Laparoscopic Supracervical Hysterectomy (LSH)
Laparoscopic Supracervical Hysterectomy (LSH) requires general anesthesia and only laparoscopic incisions to remove the uterus. The cervix is spared thus there is no vaginal incision needed. LSH procedure is essentially sutureless and bloodless since special energy sources are used to seal and divide the blood vessels and to detach the uterus from the cervix and the ovaries. The uterus is removed using a morcellator through the belly button (umbilical) port/incision site. Having performed over 1500 Laparoscopic Supracervical Hysterectomy (LSH) procedures, Dr. Mordel notes that LSH avoids unpleasant scars and shortening the vagina, eliminates the need for retractors and bowel packing, and significantly reduces hospital stays, postoperative pain and recovery time.

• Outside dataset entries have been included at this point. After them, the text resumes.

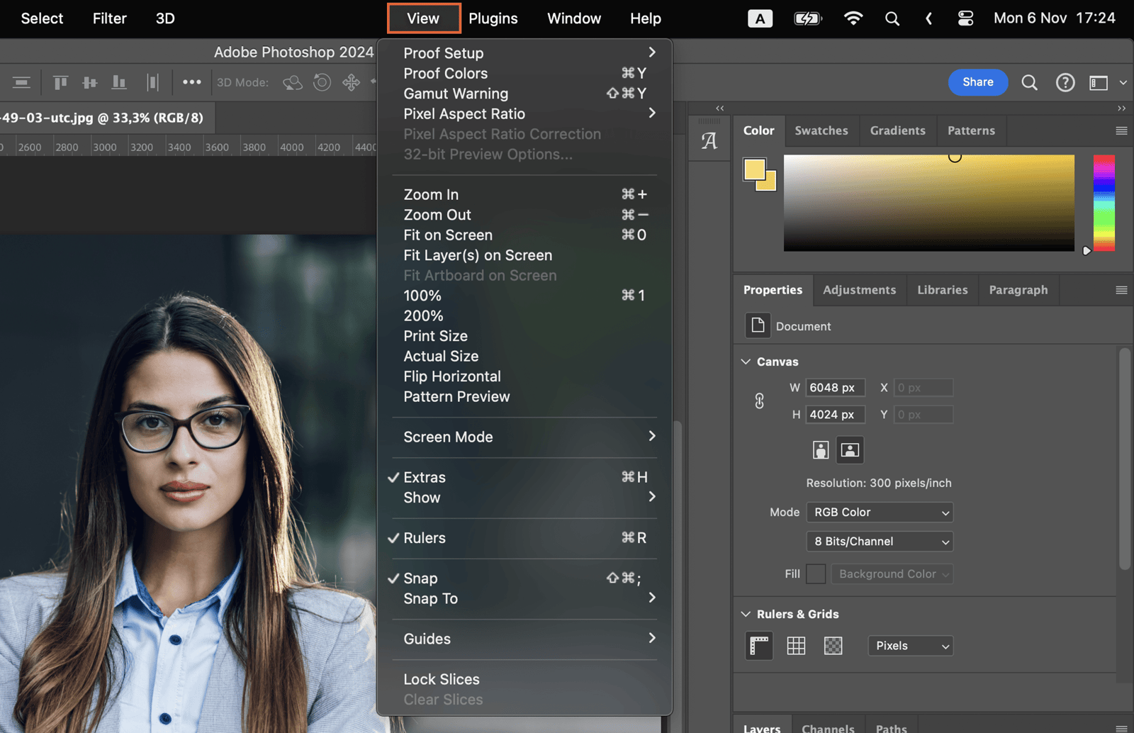 Start by launching Photoshop on your device. Open your desired image. Navigate to the top menu bar and click on ‘View’. This will drop down a menu list.
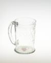 DescriptionBlown cylinder-type mug with engraved tulip motif and applied strap handle.
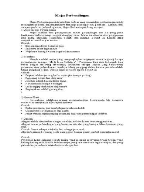 So, what exactly is a majas ? In simple terms, a majas is a figure of speech. Think of it as a creative way to use words beyond their literal meaning to make your writing or speech more impactful, vivid, and engaging. It’s like adding a special spice to your sentences to make them more flavorful! Indonesian literature and language are rich with majas , and understanding them can seriously level up your communication game. They help us paint pictures with words, evoke emotions, and convey complex ideas in a more relatable way. For instance, instead of just saying someone is very brave, you might say they have the heart of a lion . That’s a majas ! It’s not literal, but it powerfully conveys bravery. These figures of speech are not just for poets and novelists; they’re all around us, in songs, advertisements, everyday conversations, and of course, in sophisticated literary works. Learning about majas helps us not only appreciate the beauty of language but also become more effective communicators ourselves. We can use them to persuade, to entertain, to express deep feelings, and to make our points more memorable. It’s all about playing with words and their associations to create a desired effect on the reader or listener. The goal is always to go beyond the plain, everyday use of language and introduce an element of artistry and creativity. This can involve comparisons, exaggerations, personifications, and many other techniques, each serving a unique purpose in enhancing the message.
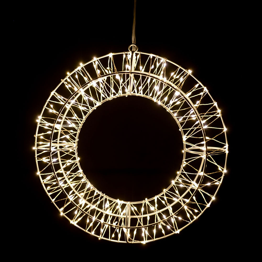 Crystalline závesná kovová dekorácia na okno, 300 mikro LED, TEPLÁ BIELA, priemer 30 cm
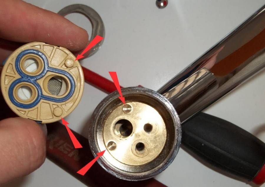 Новый картридж устанавливаем таким образом, чтобы его отверстия совместились с отверстиями внутри корпуса смесителя. Затем прикручиваем обратно шайбу (сначала руками, потом плотно, но не слишком туго ключом).
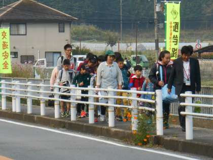 元気に歩いて登校する姿が素晴らしいです。当たり前のことですが、しっかり歩いて学校に行く、みんなと挨拶をして、みんなと整列して、歩く。人とコミュニケーションをとることの入り口でもあります。
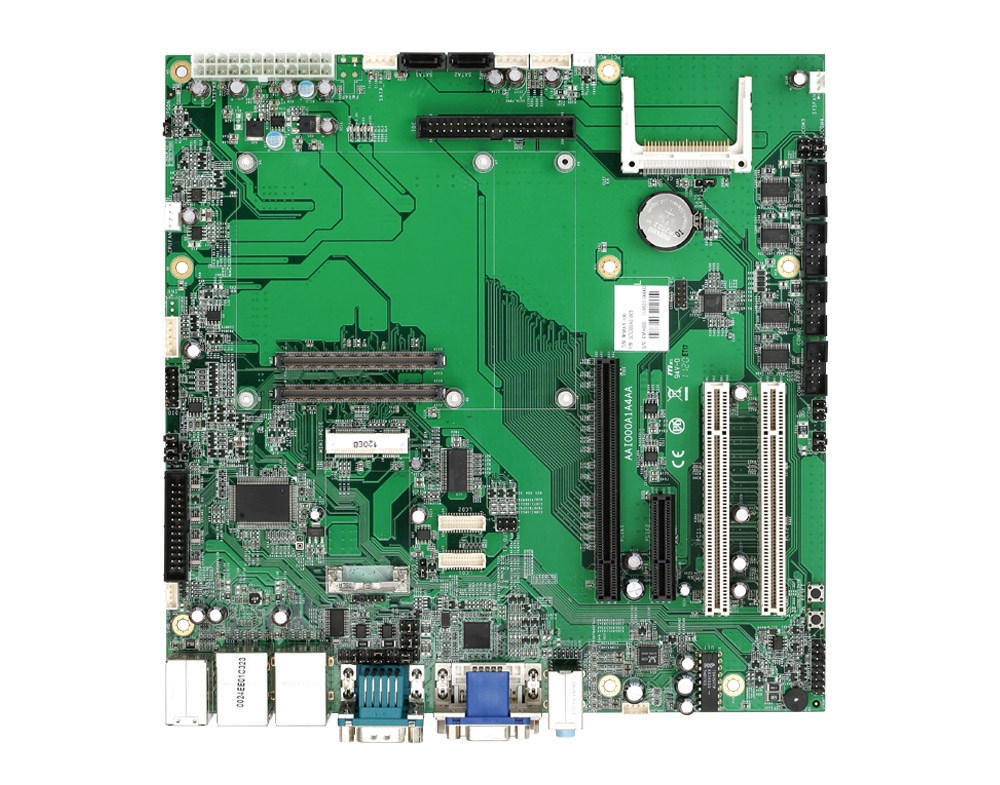 Intel® Atom™ D525 processor with Intel® ICH8M chipset | Two 204-pin SO-DIMM up to 4GB DDR3 667/800MHz SDRAM | Dual Display: VGA/DVI-D/LVDS | Two Realtek Gigabit Ethernet ports | 4 PCI, 1 Mini-PCIe, 4 ISA and 1 CF expansion slots | 3 SATA II, 6 COM and 8 USB 2.0

Laparoscopic Supracervical Hysterectomy (LSH) generates less pain than any other hysterectomy. It is usually an outpatient procedure and patients usually go home six to eight hours after surgery and return to normal activities in about two weeks. Preservation of the cervix maintains the integrity of the vagina so it does not become shortened. It also saves some of the blood supply and nerve network and therefore may preserve pelvic floor function, including sexual response. However this is not proven in the literature. After having a procedure where the cervix is spared, a patient will need to have routine Pap Tests per ACOG guidelines since the risk of cervical cancer still exists. Also we like to make patients aware that there is a very small possibility that occasional light vaginal spotting from the cervix can occur.
Robotically Assisted Laparoscopic Hysterectomy (RALH)
Robotically Assisted Laparoscopic Hysterectomy requires general anesthesia and laparoscopic incisions to remove the uterus. If the cervix is also removed, then a vaginal incision is required. This is called a Robotically Assisted Total Laparoscopic Hysterectomy (RATLH). If the cervix is removed, the procedure is called a Robotically Assisted Laparoscopic Supacervical Hysterectomy (RALSH). This approach is very similar to the TLH and LSH, but it usually requires more and slightly larger laparoscopic incisions than traditional laparoscopy. The post-operative recovery is essentially the same as with the traditional laparoscopic approach. The da Vinci Surgical System provides patients with new, minimally invasive surgical procedures that offer significant advantages over traditional "open" surgeries and advanced laparoscopic surgeries. It improves the surgeon’s ergonomics, allows for three dimensional (3D) visualization of the surgical field, and gives the surgeon superior control over the camera and instruments by mimicking his/her natural hand, wrist, and finger movements. Robotically-assisted and advanced laparoscopic minimally invasive procedures can benefit patients with less pain, discomfort, blood loss and a quicker return to normal activities.